7.4 Low Power Design: From Highly-Optimized Power Delivery Networks to CNN Accelerators

Time	Label	Presentation Title Authors
14:30	7.4.1	DETAILED PLACEMENT FOR IR DROP MITIGATION BY POWER STAPLE INSERTION IN SUB-10NM VLSI Speaker: Minsoo Kim, UC San Diego, US Authors: Sun ik Heo¹, Andrew Kahng², Minsoo Kim³, Lutong Wang³ and Chutong Yang³ ¹Samsung Electronics Co., Ltd., KR; ²University of California San Diego, US; ³UC San Diego, US Abstract Power Delivery Network (PDN) is one of the most challenging topics in modern VLSI design. Due to aggressive technology node scaling, resistance of back-end-of-line (BEOL) layers increases dramatically in sub-10nm VLSI, causing high supply voltage (IR) drop. To solve this problem, pre-placed or post-placed power staples are inserted in pin-access layers to connect adjacent power rails and reduce PDN resistance, at the cost of reduced routing flexibility, or reduced power staple insertion opportunity. In this work, we propose dynamic programming-based single-row and double-row detailed placement optimizations to maximize the power staple insertion in a post-placement flow. We further propose metaheuristics to improve the quality of result. Compared to the traditional post-placement flow, we achieve up to 13.2% (10mV) reduction in IR drop, with almost no WNS degradation. Download Paper (PDF; Only available from the DATE venue WiFi)

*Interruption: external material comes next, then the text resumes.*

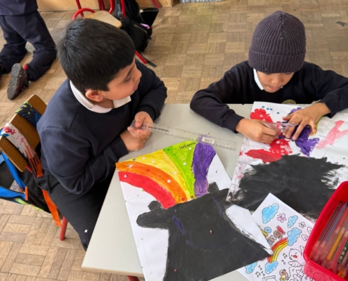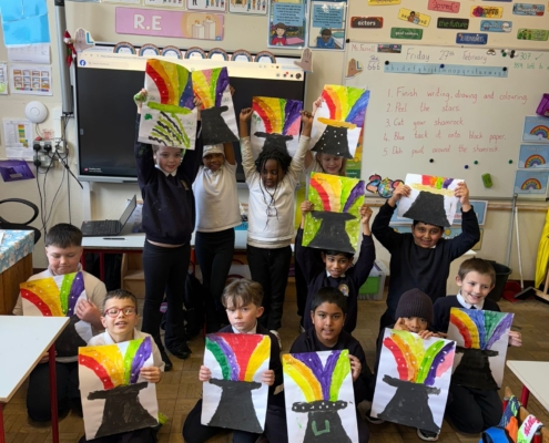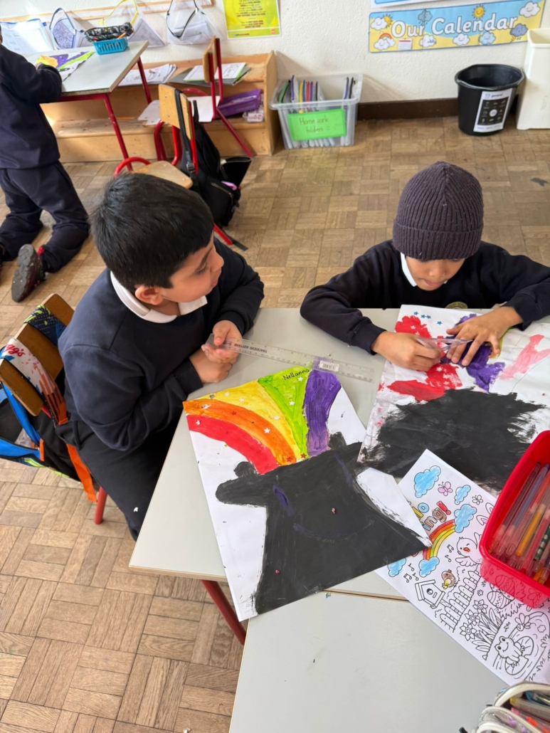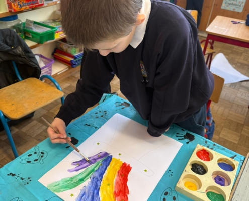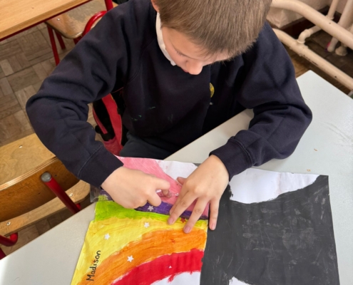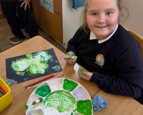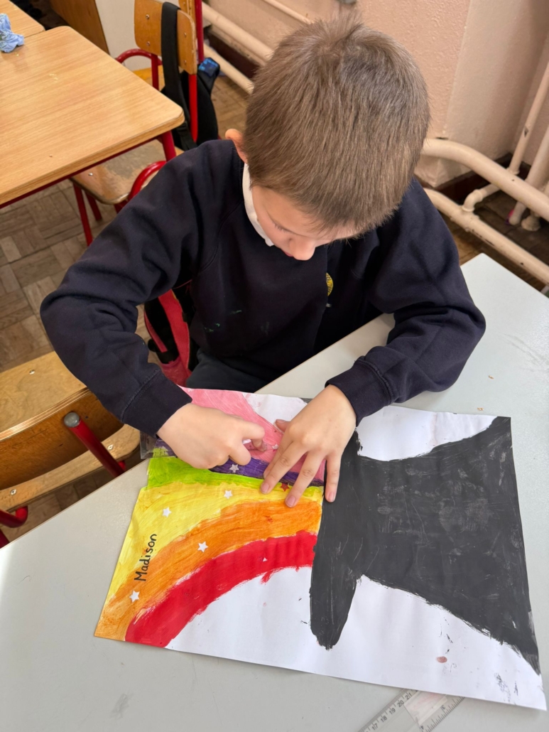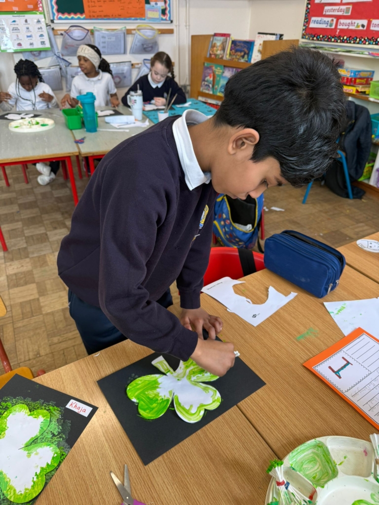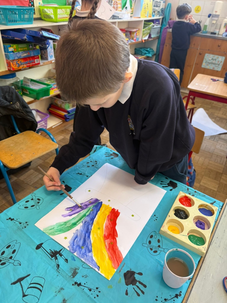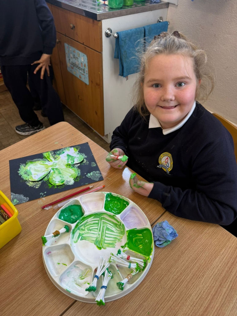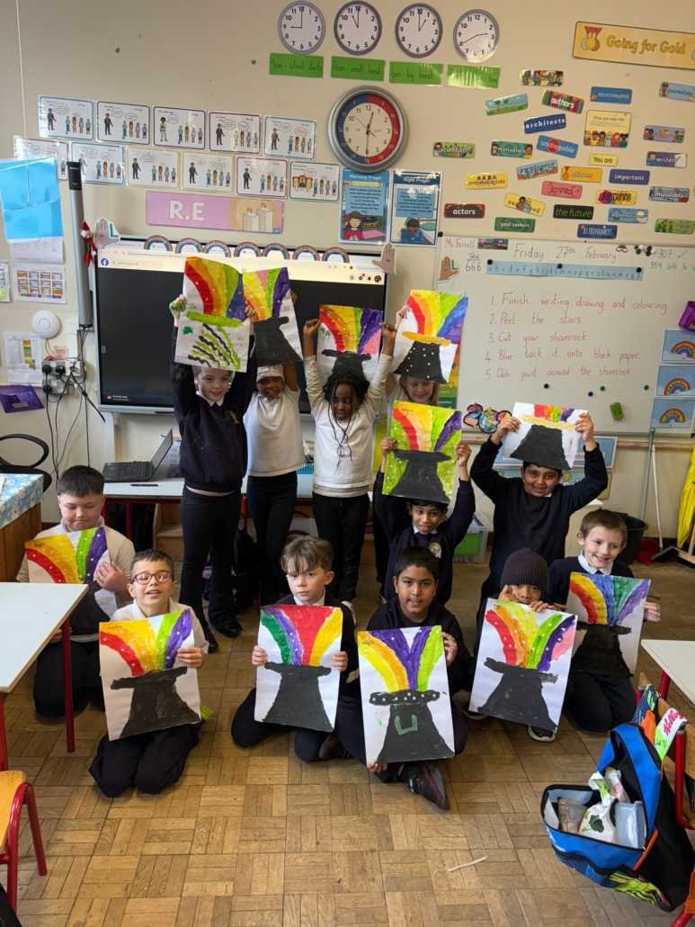 To finish off our day, we got into the St. Patrick’s Day spirit! We painted pots of gold under bright rainbows, adding extra stars to make them sparkle and shine . We also cut out shamrocks and used cotton buds to paint them in different shades of green – they turned out amazing!

15:00	7.4.2	OPTIMIZING THE ENERGY EFFICIENCY OF POWER SUPPLY IN HETEROGENEOUS MULTICORE CHIPS WITH INTEGRATED SWITCHED-CAPACITOR CONVERTERS Speaker: Lu Wang, ShanghaiTech University, CN Authors: Lu Wang¹, Leilei Wang¹, Dejia Shang¹, Cheng Zhuo² and Pingqiang Zhou¹ ¹ShanghaiTech University, CN; ²Zhejiang University, CN Abstract Energy efficiency is a major concern in heterogeneous multi-core chips. Due to the switching-capacitor converter (SCC) has wide output voltages and high potential ratio efficiency, they are widely used in multi-core chips. In this paper we propose the optimization of Metal-Insulator-Metal (MIM) capacitance resource allocation and converter ratio selection for SCCs to improve the power efficiency by transforming the mixed integer nonlinear programming (MINLP) problems into a series of convex problems. The experimental results show that our approach can achieve a 9%-13% improvement in power efficiency and can be applied to more complicated heterogeneous multicore scenarios. Download Paper (PDF; Only available from the DATE venue WiFi)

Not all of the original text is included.